Computed tomography (CT) techniques can not yet be used to determine LV dyssynchrony itself, but CT does allow noninvasive visualization of the coronary anatomy and the coronary venous system [3952]. Van de Veire et al. [53] investigated the cardiac venous anatomy in 34 patients with a previous myocardial infarction, 38 patients with significant coronary artery disease and 28 control patients using a 64-slice MSCT. The coronary sinus, anterior interventricular vein, and posterior interventricular vein could be visualized in nearly all these patients. However, in patients with a history of myocardial infarction, the left marginal vein was detected significantly less often (27%).
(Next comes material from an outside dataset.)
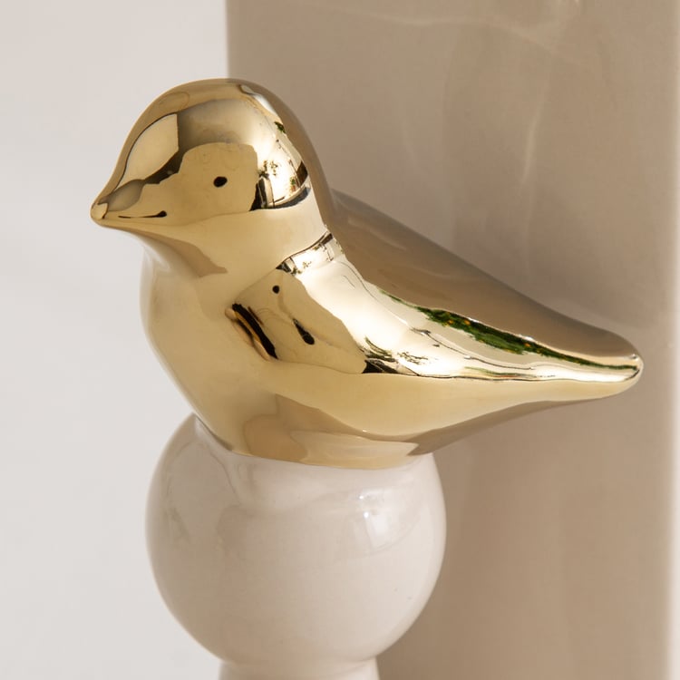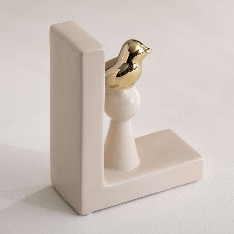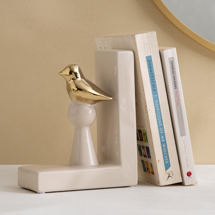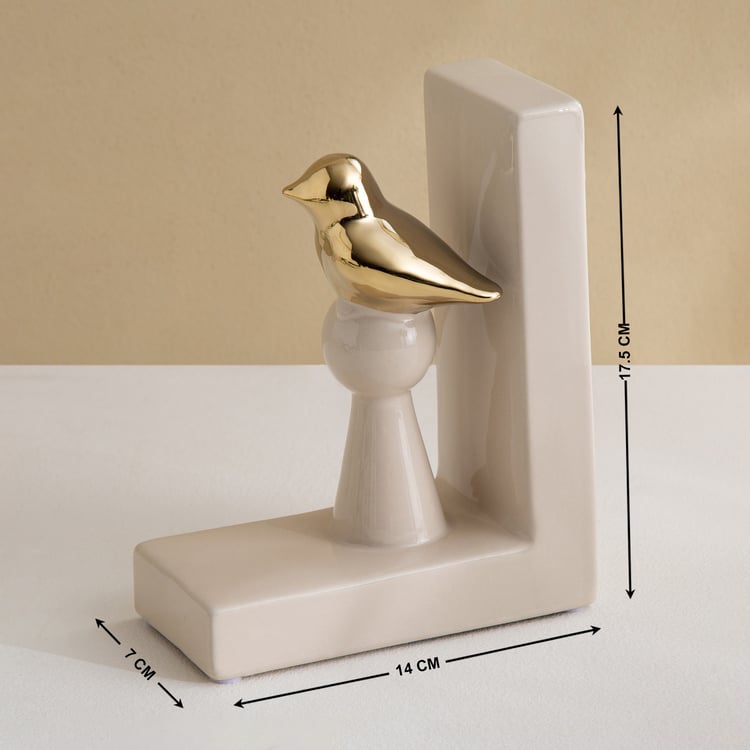 Add a graceful touch to your bookshelf with this bookend. Crafted from ceramic, it features a sleek design with a charming bird perched on top. Both decorative and functional, it keeps your books neatly in place.

At present, MSCT is not routinely used prior to CRT implantation, mainly because of the radiation dose and lack of information on LV dyssynchrony and site of latest activation [54]. However, these findings suggest that patients with previous infarction may have less suitable venous anatomy for LV lead placement, and surgical (epicardial) LV lead positioning may be considered.

To summarize, several noninvasive imaging modalities have been proposed for the quantification of LV dyssynchrony but there is currently no agreement on which technique best predicts response to CRT. For now, most experience is gained with echocardiographic TDI and it remains the technique of choice, as also mentioned by Pavlopoulos and Nihoyannopoulos [12]. Major consensus is ‘the more LV dyssynchrony prior to implantation, the higher the likelihood of significant LV reverse remodeling during follow-up’. At present, substantial evidence is growing for non-echocardiographic imaging methods to assess LV dyssynchrony such as MRI, nuclear imaging and CT. These techniques may provide valuable additional information that is potentially important for the selection of CRT candidates.